Russia raises key interest rate to 5.5% as it struggles to control inflation

Russia’s central bank raised its key interest rate by 50 basis points as Moscow struggles taming inflation, which has been operating at its highest level for nearly five years.

The second straight 50 basis point increase in Russia’s interest rate led to 5.5 per cent, and the central bank said it was likely to raise rates again in the future because “the balance of risk has shifted significantly towards pro-inflationary risks”.

“Increasing inflationary pressure in the context of a full economic recovery could lead to a significant and long-term deviation of inflation from the target,” it said in a statement. This warrants the need for further increases in the key interest rate in the upcoming meetings. “

Annual consumer inflation rose to 6 percent last month, driven by the easing of Covid-19 restrictions that are helping the economy recover from the impact of the pandemic, and sharp rise in world food and commodity prices. This is the highest level since October 2016, and well above the central bank’s 4 percent target.

Rising prices, especially food, is a political problem for the Kremlin in a country where 20 million people – or one in seven – live below the poverty line, and memories of rationing and hyperinflation are less than a generation old.

Moscow, which has imposed some price caps on key household products, is considering new export quotas or additional duties on food products if global prices continue to rise, according to the country’s economy minister.
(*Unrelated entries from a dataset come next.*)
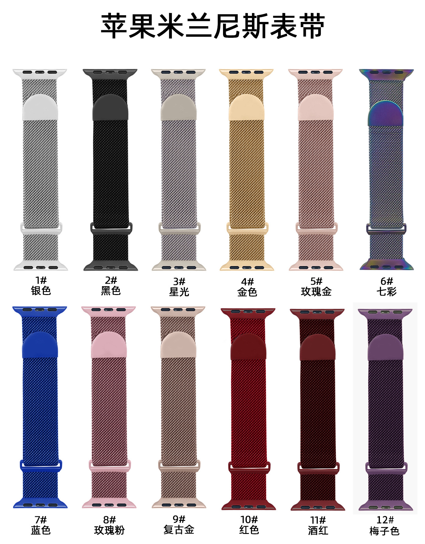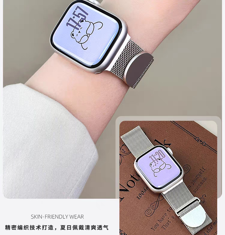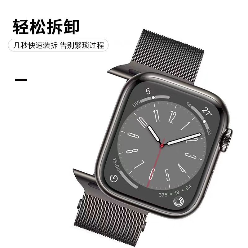 适用苹果表带AppleWatch1-11代/Ultra3/SE3米兰尼斯双节圆尾网带
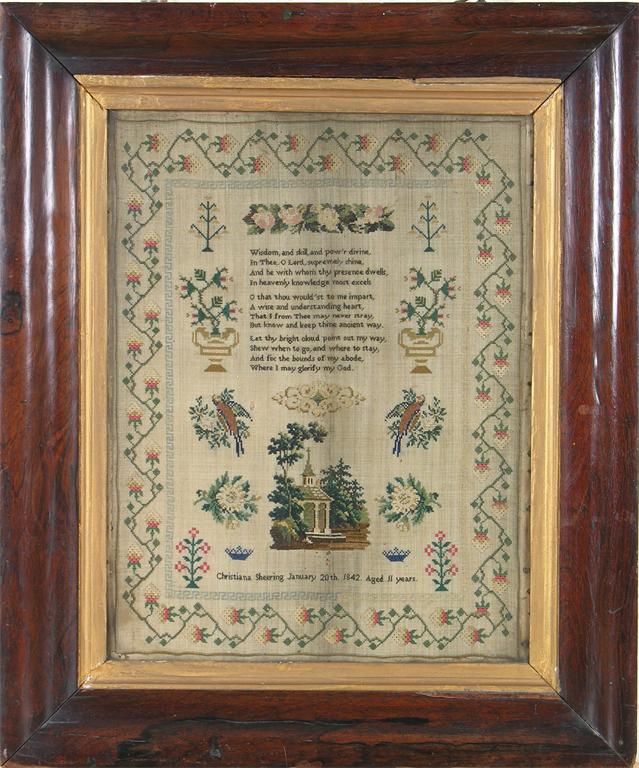A Victorian sampler, by 'Christiana Sheering, January 20th 1842, Aged 11', worked verse, flowers and temple to a strawberry border, 16 x 12.5in (40.5 x 31.7cm) in a rosewood frame.
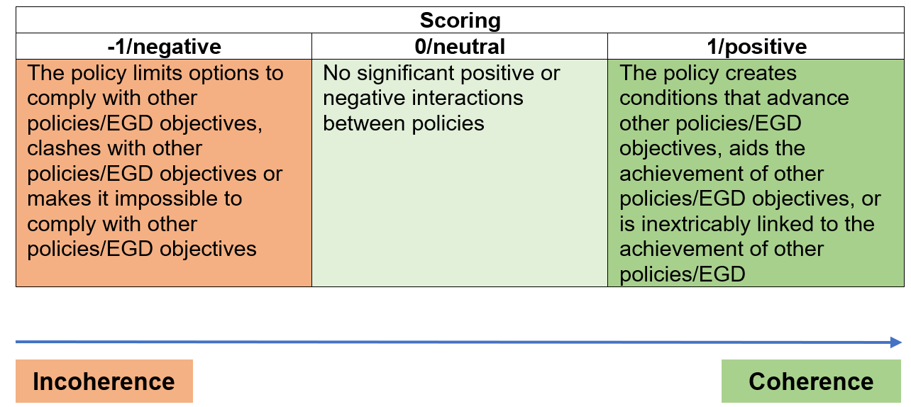 Assessing policy instruments against policy objectives and/or EGD objectives
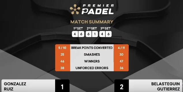 Derrière, la partie est redevenue très équilibrée, avec un véritable bras de fer qui s’est installé, et qui a vu tout le vécu des Argentins faire la différence au meilleur moment. En effet, comme vous pouvez le constater ci-dessous, les stats auront été très équilibrées et c’est bien la gestion des points importants qui a permis à la version 2.0 du duo Sanyo/Bela de se qualifier pour sa première finale.
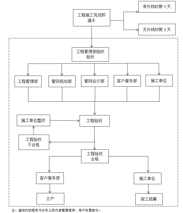 內(nèi)江市水務(wù)有限責(zé)任公司給水工程驗收流程示意圖
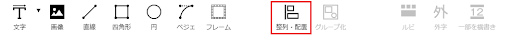 「整列」「均等配置」は複数のアイテムに対して行う機能です。複数アイテムを選択しているときのみ有効になります。 「用紙配置」は用紙に対してクリック1つで配置を調整する機能です。
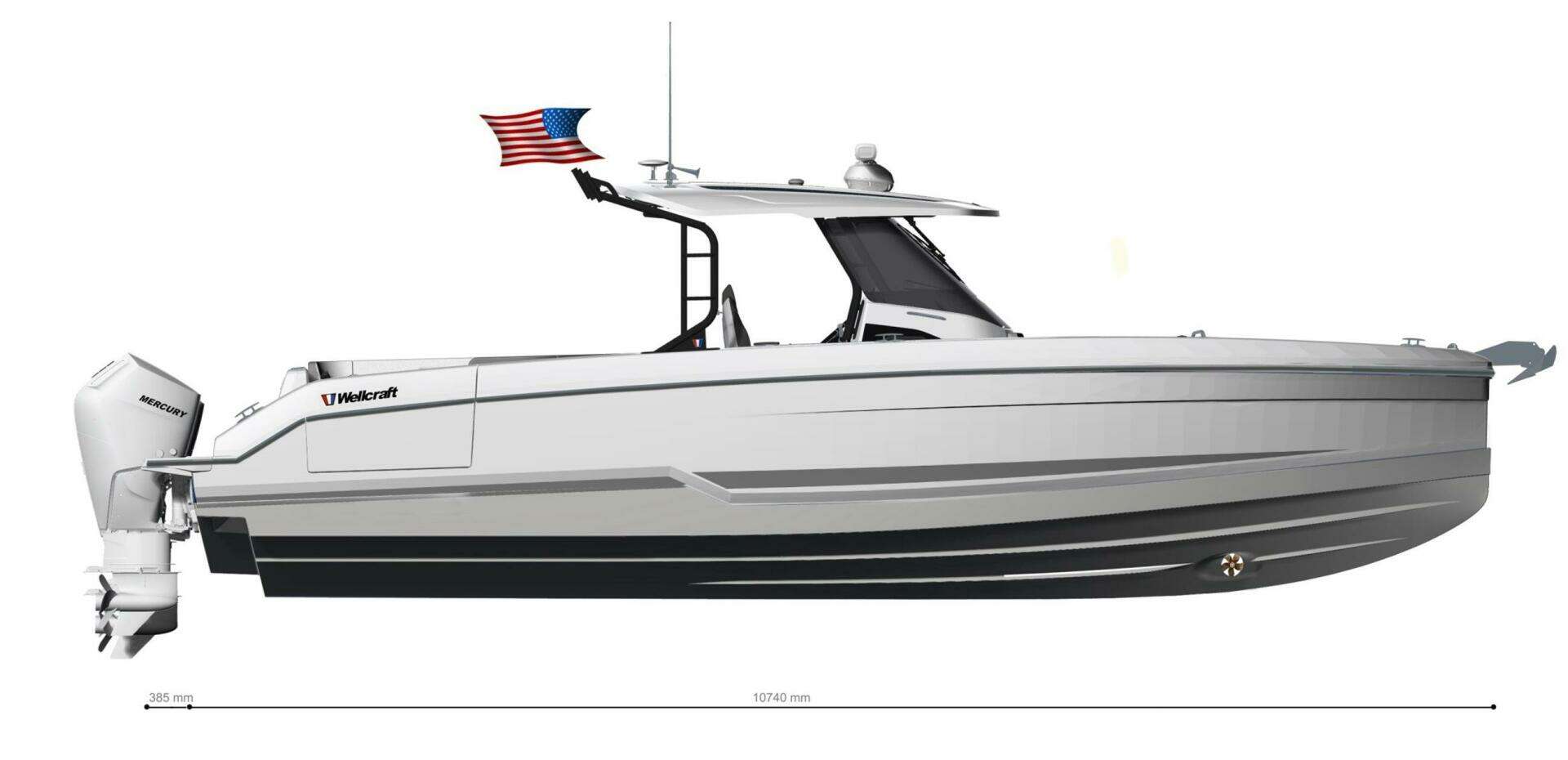 Combining spacious social areas, unrivalled performance, this boat is also packed with entertainment features for thrill-seekers. At 38’ 4” (11,69m), the Wellcraft 38 T-Top combines unrivalled performance, dynamic driving pleasure and spacious social areas. Packed with superior entertaining features, unparalleled seating capacity and an innovative swim platform, it is the ultimate center console for watersport enthusiasts. This offshore performer also combines exceptional power with optimized weight, delivering unrivalled speed and agility.

For the Financial Times last week.

President Vladimir Putin said last week that inflation was one of Russia’s “most pressing problems,” along with a high unemployment rate since the coronavirus pandemic began.

“Key interest rate decisions will take into account actual and projected inflation dynamics related to the target and economic developments over the outlook horizon, as well as risks posed by domestic and external conditions and the reaction of financial markets,” the central bank said on Friday.
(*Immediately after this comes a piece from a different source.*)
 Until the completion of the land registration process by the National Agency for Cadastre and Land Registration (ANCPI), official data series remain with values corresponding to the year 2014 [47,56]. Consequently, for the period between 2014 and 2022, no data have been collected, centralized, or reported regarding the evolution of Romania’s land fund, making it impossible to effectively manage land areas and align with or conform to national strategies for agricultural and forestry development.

“Given the monetary policy stance, annual inflation will return to the Central Bank of Russia’s target in the second half of 2022 and will remain close to 4 percent thereafter,” she added.
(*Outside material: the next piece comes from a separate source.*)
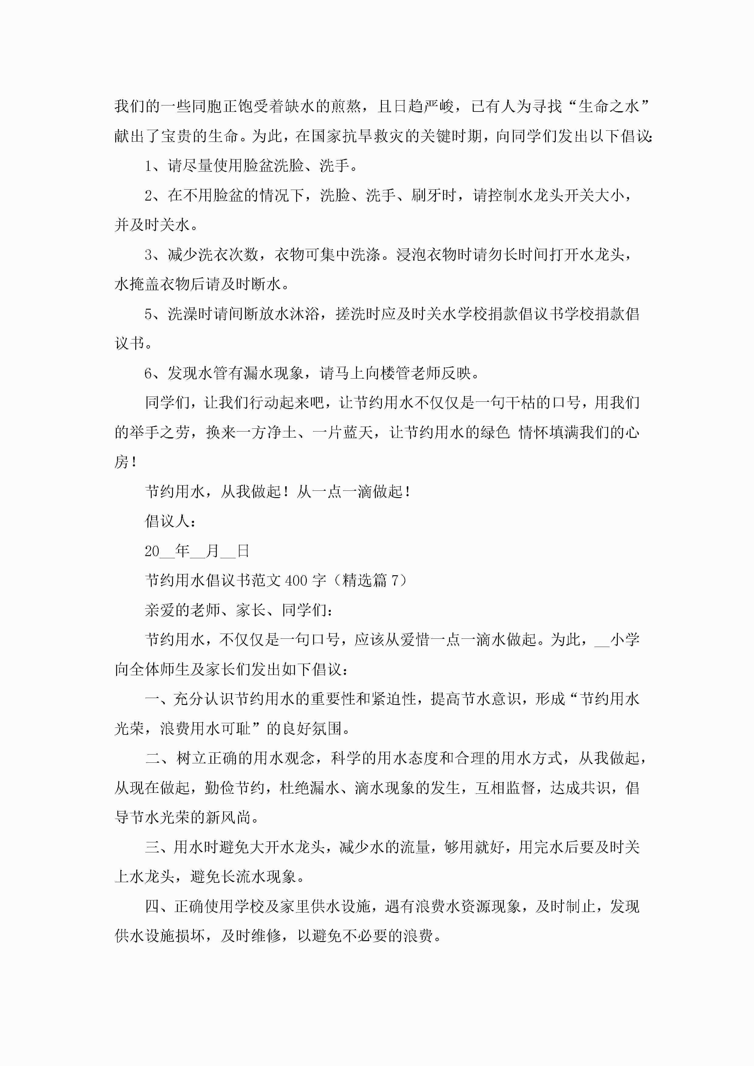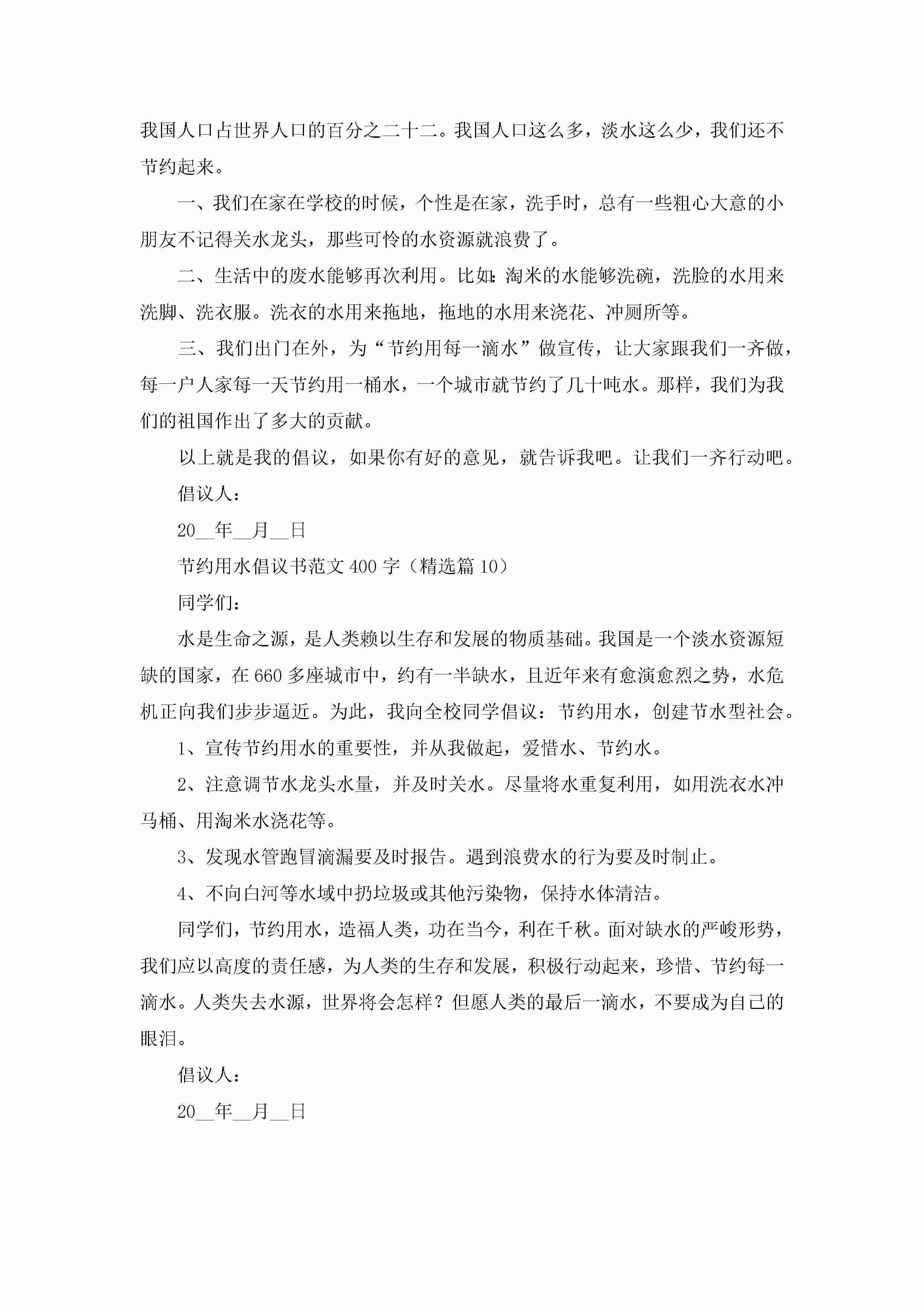 节约用水倡议书范文400字(精选十篇)jugei3月22日 16:26发布关注193 节约用水倡议书范文400字(精选十篇)此内容为付费资源,请付费后查看¥10.9 单篇文档限时特惠¥15个人会员开通企业会员开通立即下载无需登陆!可直接快捷下载单个模板付费资源© 版权声明THE ENDWord模板# 实用文档# 实用模板# 信函模板# 倡议书# 节约用水倡议书范文400字十篇 如有问题,可点击最底部“联系我们”联系客服 分享QQ空间微博QQ好友海报分享复制链接收藏

Russia’s tightening cycle began in March, and in April Central Bank Governor Elvira Nabiullina said a “serious and significant increase” in the key rate could be justified to tame inflation, the bank’s primary focus.

The ruble was trading slightly higher on Friday, with one dollar buying 71.58 rupees shortly after the central bank’s announcement. The Russian currency has risen 8 percent since mid-April on expectations of higher interest rates and a tightening in oil prices, and is at an 11-month high against the dollar.